Description of the task:
Exclude the pictures, and otherwise reproduce the data in full.

**********

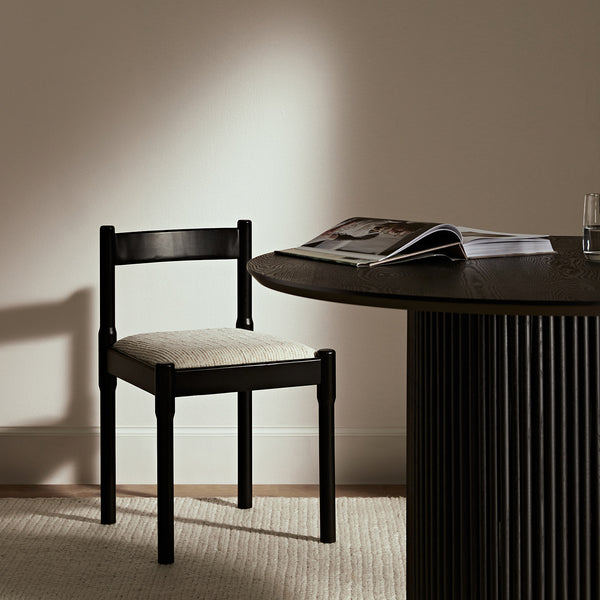 Complete the look: Pictured with the Minley Black Matte 2-in-1 Dining Chair is our Maru Black Round Oak Pedestal Dining Table and Aurora Hand Braided Cream Jute Rug.
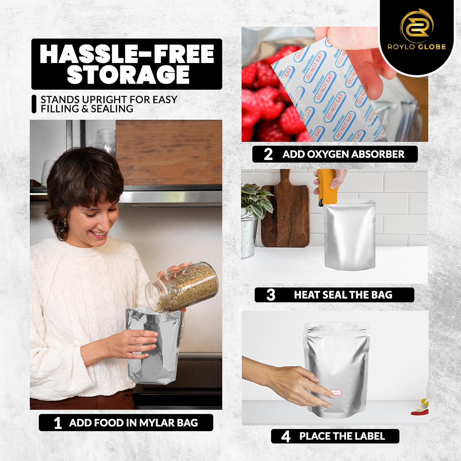 - EASY IN USE: Our mylar storage bags for food have a resealable feature, ensuring quick access to your stored items without any excitement. The easy-to-use resealable mylar bags adds an extra layer of convenience, providing a secure seal with minimal effort. Whether you're a kitchen pro or just getting started with food storage, long term mylar food storage bags with oxygen absorbers make the process hassle-free and make your life easier one snack at a time!
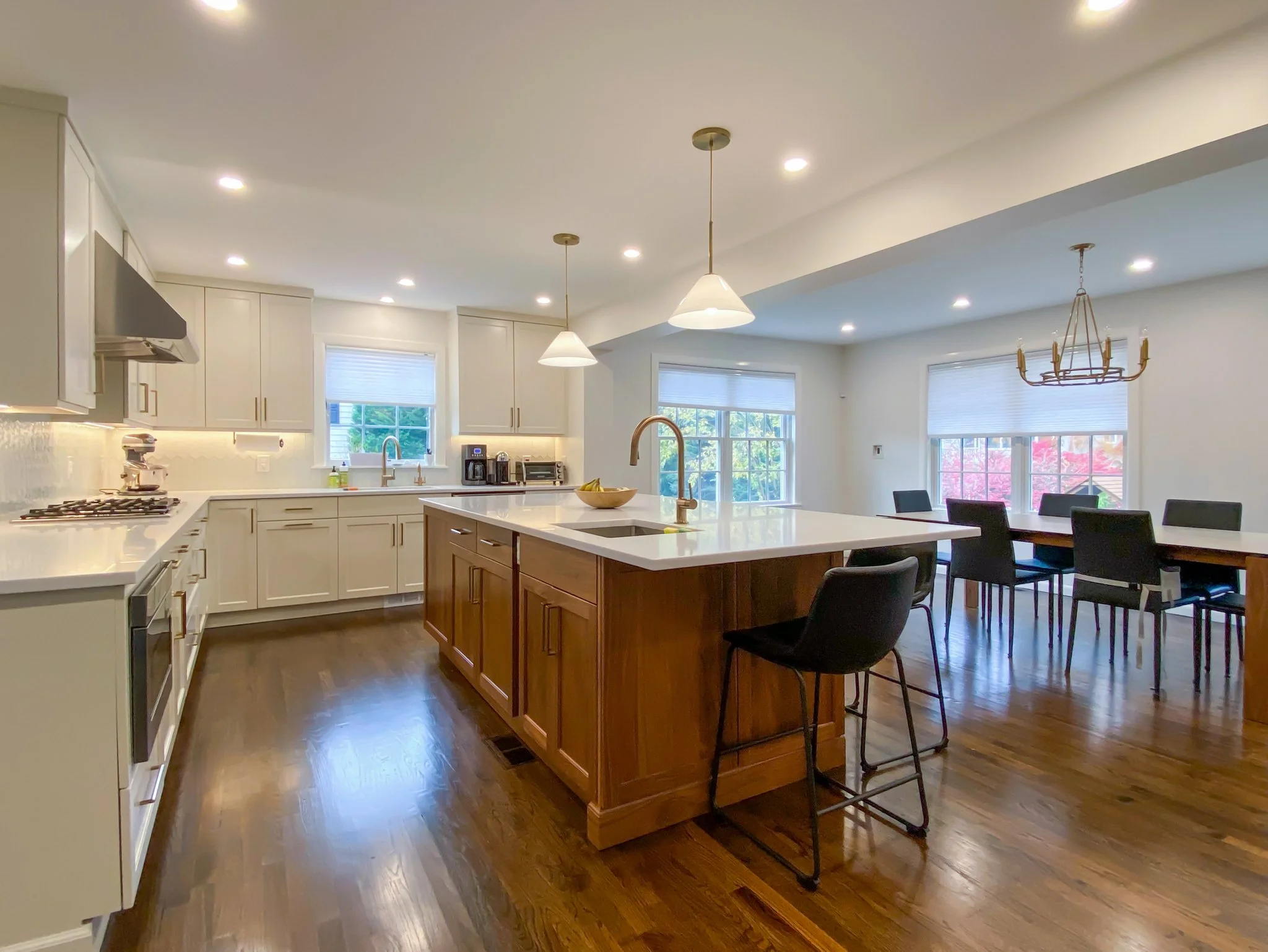 Our clients built an addition to their house in White Plans, New York, and their kitchen nearly tripled in size! This created a big, open space for their growing family. We designed the space with this busy family in mind, allowing the counter to run past the opening to the family room, so the parents can prepare meals while keeping an eye on the kids.
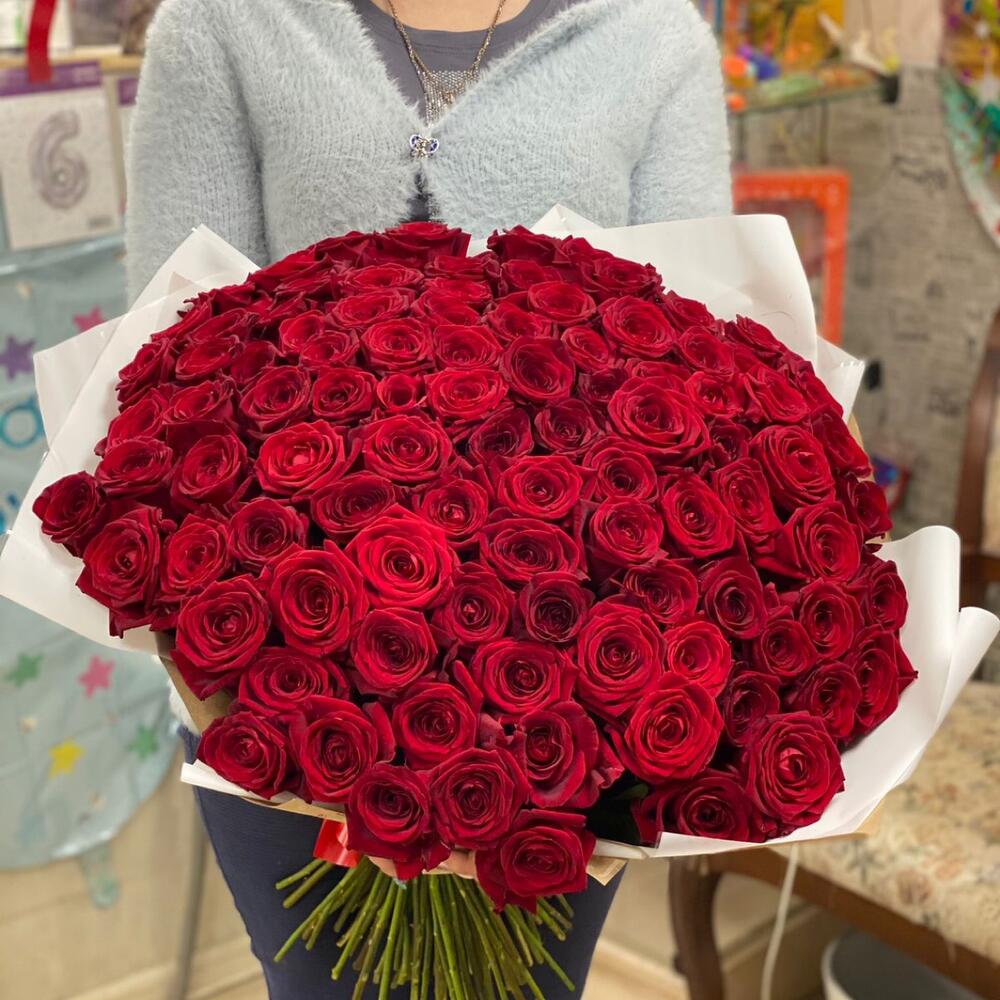 розы эквадор (60 см) – 101 шт.Крафт упаковка – 2 шт.Лента атласная – 1 шт.
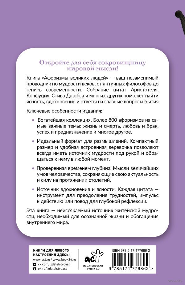Это уникальное собрание мудрости человечества, объединившее под одной обложкой проницательные афоризмы величайших мыслителей, философов, ученых и деятелей от глубокой древности до наших дней. Книга представляет собой масштабное путешествие сквозь эпохи: от бессмертных изречений Конфуция и Сократа до прозрений Леонардо да Винчи и Вольтера, и далее – к остроумным наблюдениям Марка Твена, гениальным прозрениям Альберта Эйнштейна, смелым идеям Стивена Хокинга и вдохновляющим мыслям Стива Джобса.
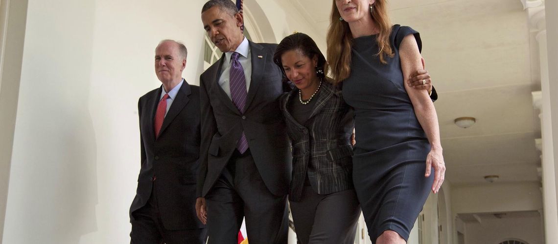 Fra venstre daværende nasjonal sikkerhetsrådgiver Tom Donilon, FN-ambassadør Susan Rice og Samantha Power som skulle etterfølge henne i FN.
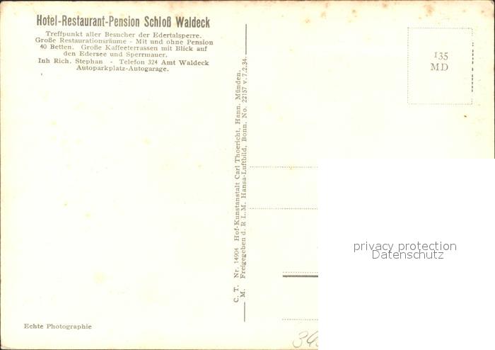 31919950 Waldeck Edersee Burg-Hotel Schloss Waldeck Fliegeraufnahme postalisch nicht gelaufen Erhaltung siehe scans KatCode: 11110006635021
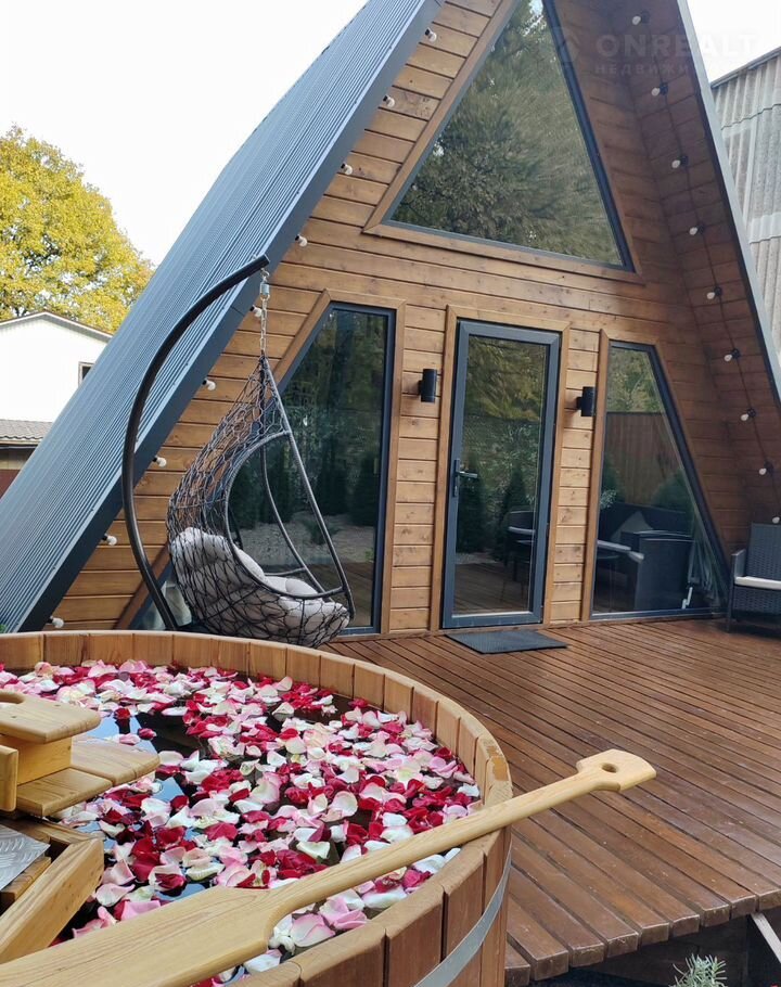 Приглашаем Вас отдохнуть в новом загородном доме "А-Фрейм у леса", в 40 км от Краснодара в районе г. Горячий ключ. Домик находится у самого леса. Дом на территории один!!!
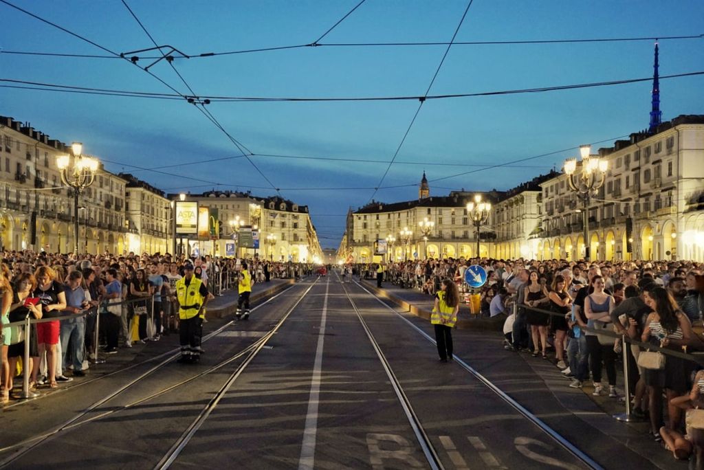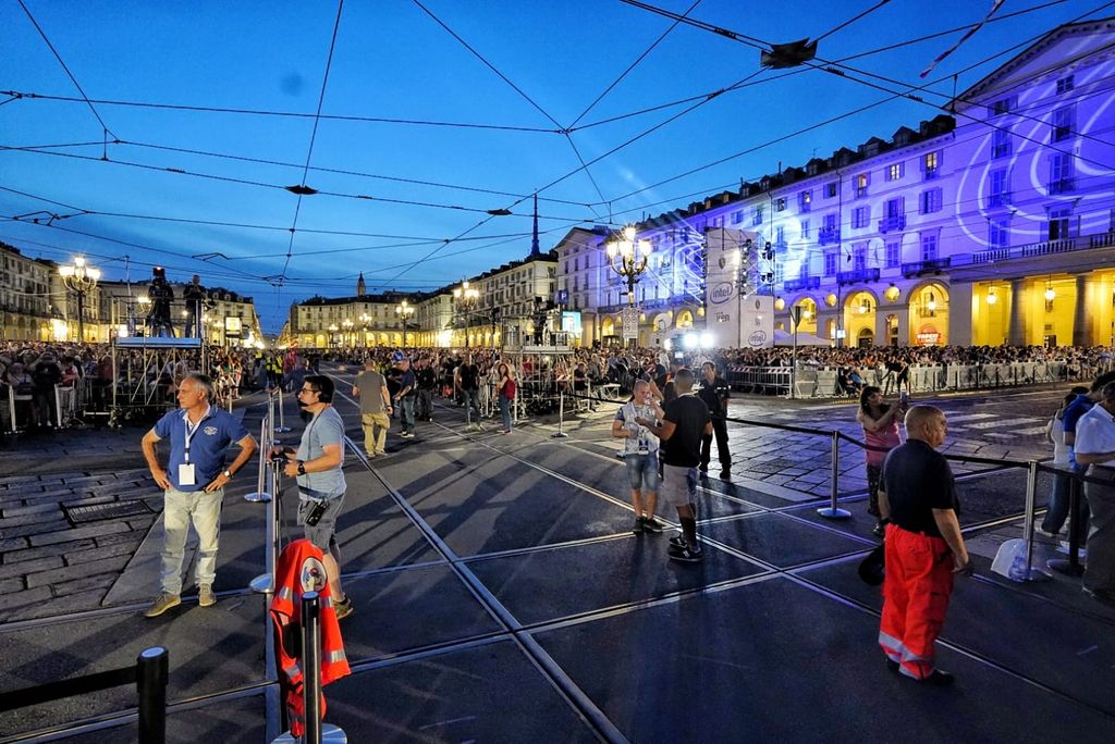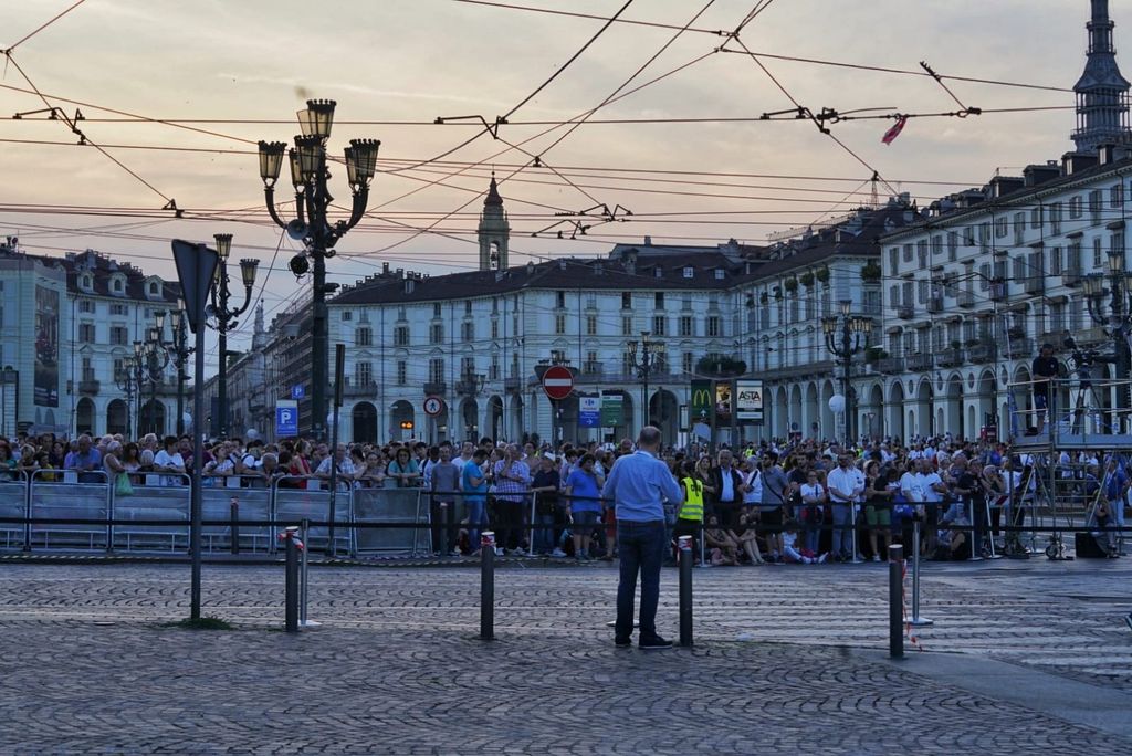 Alle 18 sono stati aperti i 21 varchi per il pubblico. La capienza massima nella piazza è di 38 mila persone, mentre altre 12 mila sono ospitate in via Po
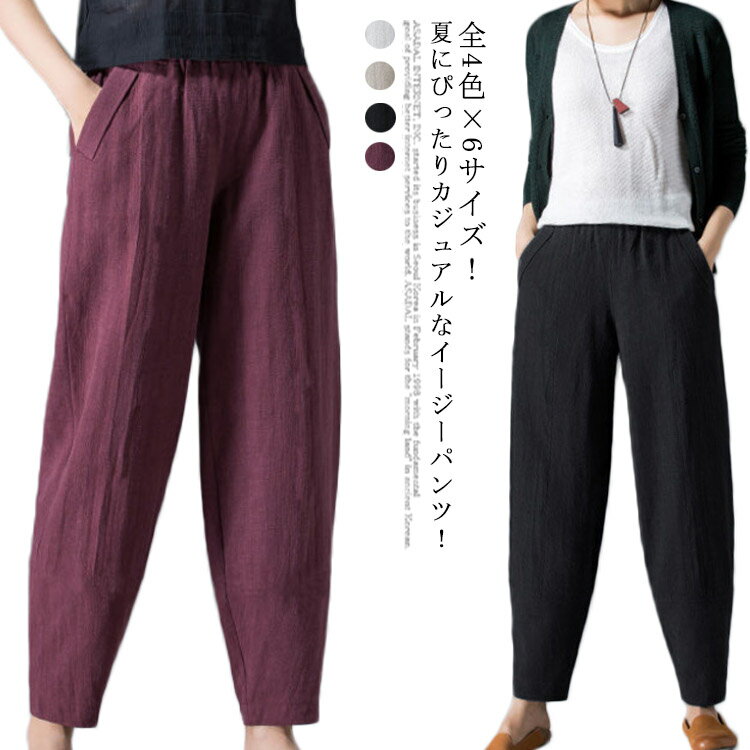 薄手で軽やかなテーパードパンツは快適な履き心地です。綿麻風素材でカジュアルにも部屋着にもぴったりでロング丈でスタイルアップもできるのでおすすめです。

**********

Exercise output:
 Complete the look: Pictured with the Minley Black Matte 2-in-1 Dining Chair is our Maru Black Round Oak Pedestal Dining Table and Aurora Hand Braided Cream Jute Rug.
 - EASY IN USE: Our mylar storage bags for food have a resealable feature, ensuring quick access to your stored items without any excitement. The easy-to-use resealable mylar bags adds an extra layer of convenience, providing a secure seal with minimal effort. Whether you're a kitchen pro or just getting started with food storage, long term mylar food storage bags with oxygen absorbers make the process hassle-free and make your life easier one snack at a time!
 Our clients built an addition to their house in White Plans, New York, and their kitchen nearly tripled in size! This created a big, open space for their growing family. We designed the space with this busy family in mind, allowing the counter to run past the opening to the family room, so the parents can prepare meals while keeping an eye on the kids.
 розы эквадор (60 см) – 101 шт.Крафт упаковка – 2 шт.Лента атласная – 1 шт.
Это уникальное собрание мудрости человечества, объединившее под одной обложкой проницательные афоризмы величайших мыслителей, философов, ученых и деятелей от глубокой древности до наших дней. Книга представляет собой масштабное путешествие сквозь эпохи: от бессмертных изречений Конфуция и Сократа до прозрений Леонардо да Винчи и Вольтера, и далее – к остроумным наблюдениям Марка Твена, гениальным прозрениям Альберта Эйнштейна, смелым идеям Стивена Хокинга и вдохновляющим мыслям Стива Джобса.
 Fra venstre daværende nasjonal sikkerhetsrådgiver Tom Donilon, FN-ambassadør Susan Rice og Samantha Power som skulle etterfølge henne i FN.
 31919950 Waldeck Edersee Burg-Hotel Schloss Waldeck Fliegeraufnahme postalisch nicht gelaufen Erhaltung siehe scans KatCode: 11110006635021
 Приглашаем Вас отдохнуть в новом загородном доме "А-Фрейм у леса", в 40 км от Краснодара в районе г. Горячий ключ. Домик находится у самого леса. Дом на территории один!!!
 Alle 18 sono stati aperti i 21 varchi per il pubblico. La capienza massima nella piazza è di 38 mila persone, mentre altre 12 mila sono ospitate in via Po
 薄手で軽やかなテーパードパンツは快適な履き心地です。綿麻風素材でカジュアルにも部屋着にもぴったりでロング丈でスタイルアップもできるのでおすすめです。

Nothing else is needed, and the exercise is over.